What the task asks » The reply is to be the lines from the one with "- Free Custom" through the last line of the records below, each retyped exactly, with pictures left out.

+++++

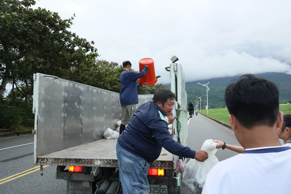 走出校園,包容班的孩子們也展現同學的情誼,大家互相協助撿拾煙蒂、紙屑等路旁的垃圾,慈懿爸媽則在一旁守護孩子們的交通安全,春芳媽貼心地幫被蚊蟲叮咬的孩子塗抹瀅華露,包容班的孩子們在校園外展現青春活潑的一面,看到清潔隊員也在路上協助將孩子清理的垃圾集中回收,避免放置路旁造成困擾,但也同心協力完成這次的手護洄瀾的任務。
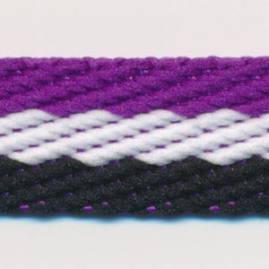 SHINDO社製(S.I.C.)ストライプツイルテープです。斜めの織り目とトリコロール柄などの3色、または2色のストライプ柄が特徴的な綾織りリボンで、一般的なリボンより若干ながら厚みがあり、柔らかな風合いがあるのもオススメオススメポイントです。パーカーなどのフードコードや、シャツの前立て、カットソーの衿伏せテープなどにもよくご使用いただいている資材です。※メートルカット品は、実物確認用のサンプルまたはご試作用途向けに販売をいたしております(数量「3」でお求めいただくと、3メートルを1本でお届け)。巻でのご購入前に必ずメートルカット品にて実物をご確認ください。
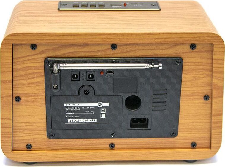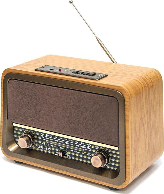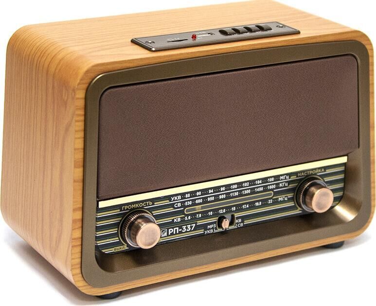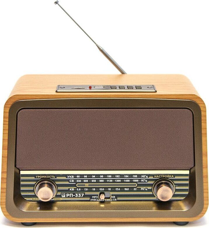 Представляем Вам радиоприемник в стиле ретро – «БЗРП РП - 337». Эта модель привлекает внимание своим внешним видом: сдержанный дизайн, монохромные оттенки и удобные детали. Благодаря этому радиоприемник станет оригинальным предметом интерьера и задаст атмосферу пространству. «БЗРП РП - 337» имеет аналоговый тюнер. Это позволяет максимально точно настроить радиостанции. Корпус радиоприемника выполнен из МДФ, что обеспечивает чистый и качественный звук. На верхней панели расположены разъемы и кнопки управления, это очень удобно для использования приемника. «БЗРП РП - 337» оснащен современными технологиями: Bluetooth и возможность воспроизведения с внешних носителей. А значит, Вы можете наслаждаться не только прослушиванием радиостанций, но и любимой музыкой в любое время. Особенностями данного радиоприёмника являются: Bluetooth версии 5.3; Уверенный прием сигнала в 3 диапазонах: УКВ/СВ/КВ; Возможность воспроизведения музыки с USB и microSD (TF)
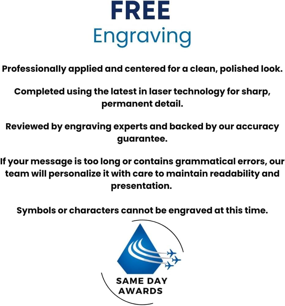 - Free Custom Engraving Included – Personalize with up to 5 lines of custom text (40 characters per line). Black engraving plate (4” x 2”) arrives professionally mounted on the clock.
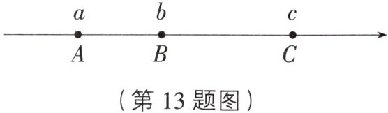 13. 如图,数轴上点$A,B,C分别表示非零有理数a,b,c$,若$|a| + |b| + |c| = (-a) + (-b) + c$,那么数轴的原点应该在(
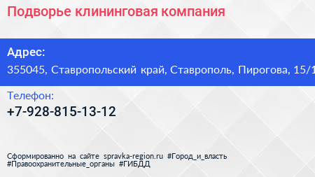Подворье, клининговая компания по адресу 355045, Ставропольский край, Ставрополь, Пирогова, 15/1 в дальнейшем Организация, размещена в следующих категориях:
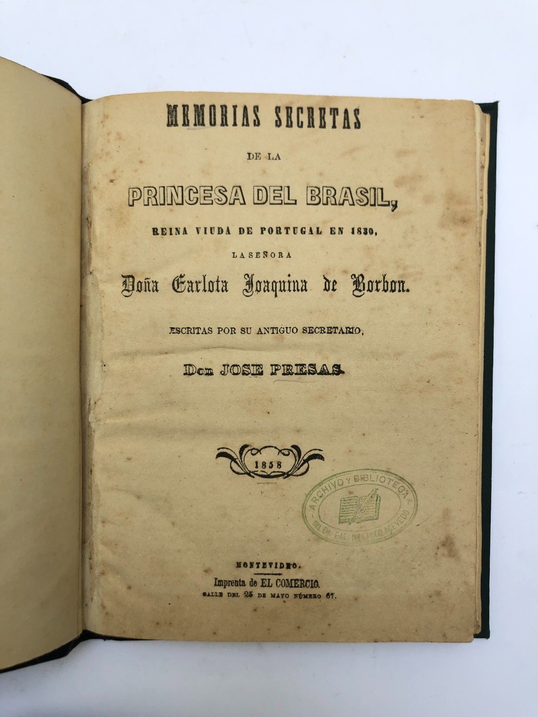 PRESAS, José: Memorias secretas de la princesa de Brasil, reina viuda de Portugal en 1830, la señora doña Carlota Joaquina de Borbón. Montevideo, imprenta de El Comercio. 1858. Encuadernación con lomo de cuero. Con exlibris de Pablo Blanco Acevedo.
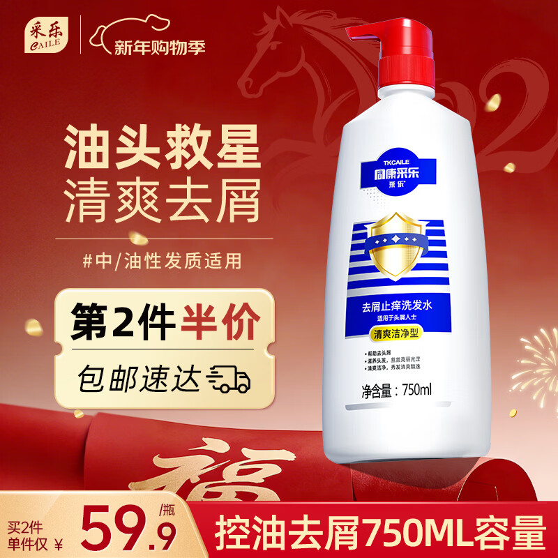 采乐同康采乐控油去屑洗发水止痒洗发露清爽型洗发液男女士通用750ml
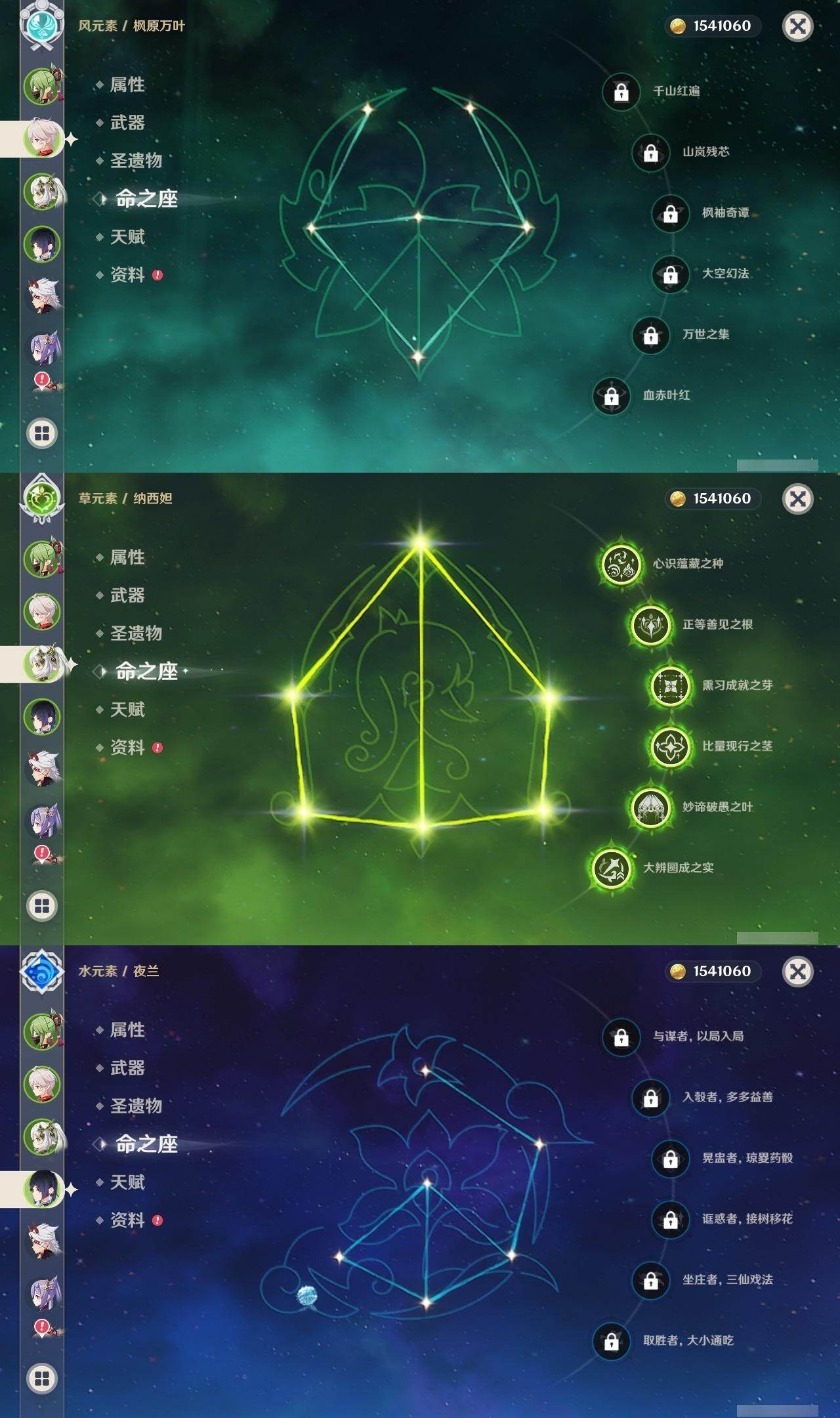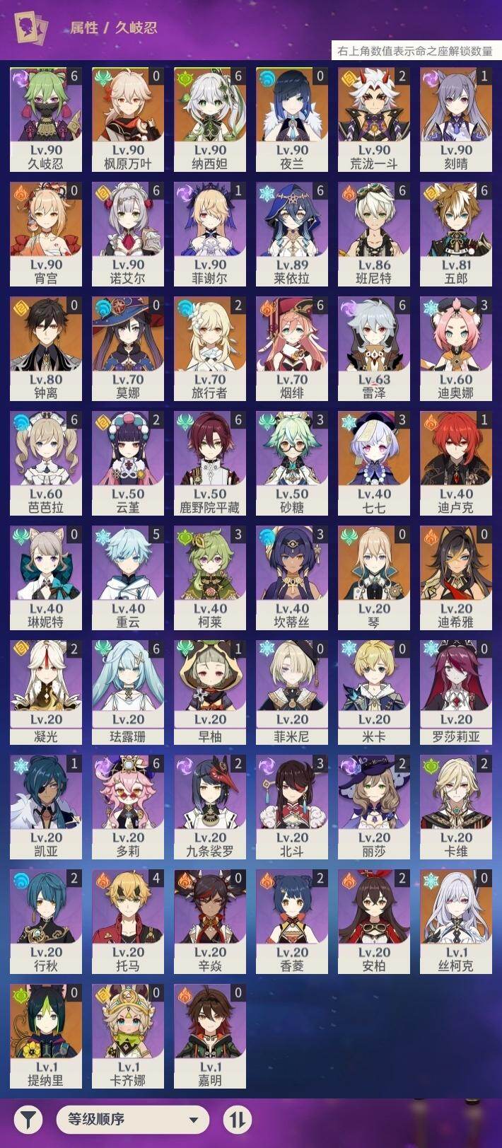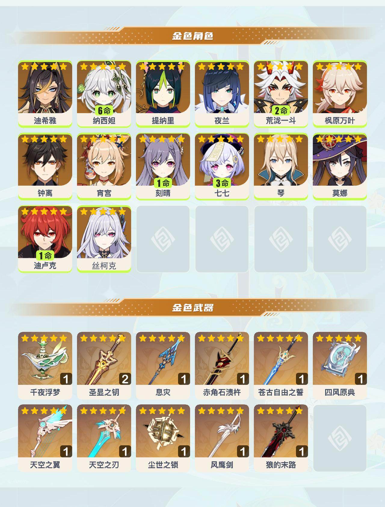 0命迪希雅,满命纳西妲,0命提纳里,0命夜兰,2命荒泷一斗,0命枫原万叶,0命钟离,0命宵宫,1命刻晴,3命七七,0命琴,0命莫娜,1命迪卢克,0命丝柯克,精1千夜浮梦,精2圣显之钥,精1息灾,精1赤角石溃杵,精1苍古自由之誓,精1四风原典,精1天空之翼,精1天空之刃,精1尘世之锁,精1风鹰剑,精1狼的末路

+++++

Task result »
 - Free Custom Engraving Included – Personalize with up to 5 lines of custom text (40 characters per line). Black engraving plate (4” x 2”) arrives professionally mounted on the clock.
 13. 如图,数轴上点$A,B,C分别表示非零有理数a,b,c$,若$|a| + |b| + |c| = (-a) + (-b) + c$,那么数轴的原点应该在(
Подворье, клининговая компания по адресу 355045, Ставропольский край, Ставрополь, Пирогова, 15/1 в дальнейшем Организация, размещена в следующих категориях:
 PRESAS, José: Memorias secretas de la princesa de Brasil, reina viuda de Portugal en 1830, la señora doña Carlota Joaquina de Borbón. Montevideo, imprenta de El Comercio. 1858. Encuadernación con lomo de cuero. Con exlibris de Pablo Blanco Acevedo.
 采乐同康采乐控油去屑洗发水止痒洗发露清爽型洗发液男女士通用750ml
 0命迪希雅,满命纳西妲,0命提纳里,0命夜兰,2命荒泷一斗,0命枫原万叶,0命钟离,0命宵宫,1命刻晴,3命七七,0命琴,0命莫娜,1命迪卢克,0命丝柯克,精1千夜浮梦,精2圣显之钥,精1息灾,精1赤角石溃杵,精1苍古自由之誓,精1四风原典,精1天空之翼,精1天空之刃,精1尘世之锁,精1风鹰剑,精1狼的末路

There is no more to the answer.